== DATA TO PROCESS

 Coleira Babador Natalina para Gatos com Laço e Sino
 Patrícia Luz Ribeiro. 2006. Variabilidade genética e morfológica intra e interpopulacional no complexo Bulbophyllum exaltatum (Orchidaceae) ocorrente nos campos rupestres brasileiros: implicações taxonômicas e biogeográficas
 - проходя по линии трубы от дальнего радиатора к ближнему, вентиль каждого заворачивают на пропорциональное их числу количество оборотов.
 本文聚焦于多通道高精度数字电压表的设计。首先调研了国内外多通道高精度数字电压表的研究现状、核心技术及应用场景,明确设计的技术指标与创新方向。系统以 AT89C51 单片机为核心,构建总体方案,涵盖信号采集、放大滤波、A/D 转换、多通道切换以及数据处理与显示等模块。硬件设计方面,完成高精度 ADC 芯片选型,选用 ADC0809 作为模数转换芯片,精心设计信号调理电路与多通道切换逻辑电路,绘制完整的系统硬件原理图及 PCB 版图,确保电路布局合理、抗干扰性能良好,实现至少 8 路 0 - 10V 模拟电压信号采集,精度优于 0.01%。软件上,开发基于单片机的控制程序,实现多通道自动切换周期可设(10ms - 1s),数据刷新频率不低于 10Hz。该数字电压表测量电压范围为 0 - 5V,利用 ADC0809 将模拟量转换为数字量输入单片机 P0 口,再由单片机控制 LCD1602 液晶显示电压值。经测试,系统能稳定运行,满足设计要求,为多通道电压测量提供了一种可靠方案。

====
== DATA TO PROCESS

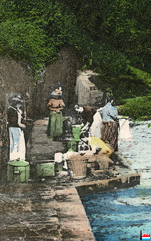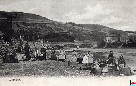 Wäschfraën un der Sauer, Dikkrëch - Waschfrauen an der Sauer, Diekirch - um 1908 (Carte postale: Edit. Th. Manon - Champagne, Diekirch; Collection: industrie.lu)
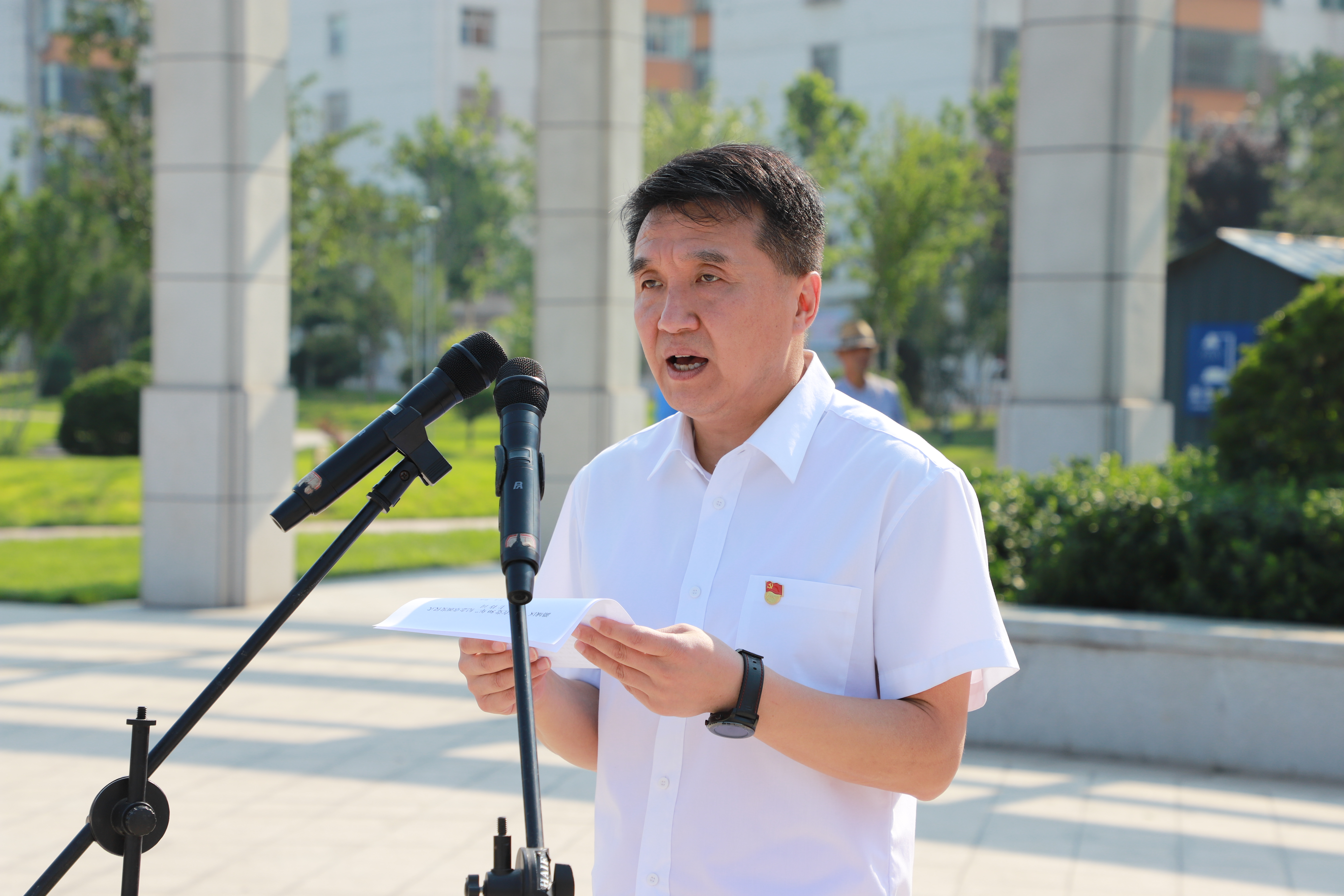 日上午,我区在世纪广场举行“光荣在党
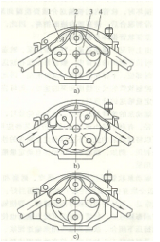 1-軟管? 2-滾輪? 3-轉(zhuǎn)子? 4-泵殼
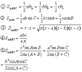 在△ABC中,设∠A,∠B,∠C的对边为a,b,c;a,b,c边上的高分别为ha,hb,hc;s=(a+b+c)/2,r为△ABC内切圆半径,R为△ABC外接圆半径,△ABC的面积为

====

Reproduce, exactly as they stand in the data above, the lines from the one that holds "Coleira Babador Natalina" to the one that holds "Patrícia Luz Ribeiro.", inclusive.

 Coleira Babador Natalina para Gatos com Laço e Sino
 Patrícia Luz Ribeiro. 2006. Variabilidade genética e morfológica intra e interpopulacional no complexo Bulbophyllum exaltatum (Orchidaceae) ocorrente nos campos rupestres brasileiros: implicações taxonômicas e biogeográficas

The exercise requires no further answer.